Apart from the aforementioned biological prerequisites, the ISI method also has certain technical prerequisites that should be met before the method is applied. Because the method's accuracy mainly depends on correct measurements of O, it must be very sensitive to several factors that affect O, like gonad preservation medium and the duration of preservation (Klibansky and Juanes 2007). In that respect, measurements of O_b and O_v may only provide comparable estimates of ISI for surveys that employ the same preservation protocols. Another important issue that must be resolved when applying the ISI method deals with the correct calibration of ISI with S estimates. As already implied, the population average of individual S estimates is equal to the average spawning interval in the population of reproductively active females. However, S estimates in DEPM surveys and in most other studies rely on the population of mature females (see Table 2 of Stratoudakis et al. 2006) and, in some cases, on the whole population, including immature fish (e.g., Rogers et al. 2003). Because at any given time active fish are a subset of the mature population, the spawning interval is overestimated (Table 2; Figure 5) and thus cannot be compared with average ISI. The only way to overcome this difficulty is to estimate S by including only reproductively active females in the denominator.

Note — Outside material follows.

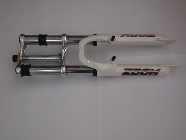 GARFO C/AMORTECEDOR DH ZOOM 26X22.2mm Fabricante: ZOOM Modelo: DH Tipo: amortecedor Material: Alumínio e aço Medida aro: 26" Medida Espiga: 180mm x 22.2mm c/rosca. Comprimento Total: 895mm Peso: 3100kgrs Cor: Branco Suporte de Freios: Disco e V-brake

In situations where the present method is validated for a fish stock, then the f of the population can be estimated as the average ISI of females that cover the whole stock distributional area. This procedure would require fewer samples of adult females compared with the POF method, for which precision is a factor of the number of samples and the number of females analyzed per sample (Picquelle 1985). Furthermore, being histology independent, the present method would help to avoid the increased cost and labor of histological preparations and would circumvent all known problems involved with the correct aging of POFs (summarized by Stratoudakis et al. 2006). Finally, in contrast to the POF method, which should be designed in a way to avoid sampling females with hydrated oocytes and females that are very recent spawners (Stratoudakis et al. 2006), the present method would optimally work through targeting aggregations of females with hydrated oocytes. At least for Atlantic sardine, this stage is known to segregate from the remaining population at greater depths (Ganias 2008), forming layers that are detectable by means of echo-tracing (Zwolinski et al. 2006, 2007). By use of the present method, f could be easily estimated even on-board through capturing females with hydrated oocytes and instantly processing ovarian whole mounts by applying the aforementioned routine for measuring O_b. Another advantage of this procedure is that the same photomicrographs could then be used for counting oocytes of the spawning batch and for measuring batch fecundity by the procedure described in the previous section (also presented in more detail by Ganias et al. 2008). Such combined estimations of f and batch fecundity, together with the decrease in the required number of adult samples and the avoidance of histology, could help to decrease both cost and labor in DEPM surveys.

FIGURE 5.

Relationship between the proportion of reproductively inactive Atlantic sardine females and the difference (d) between the spawning fraction estimated based on the whole female population and the spawning fraction estimated based only on the population of reproductively active females.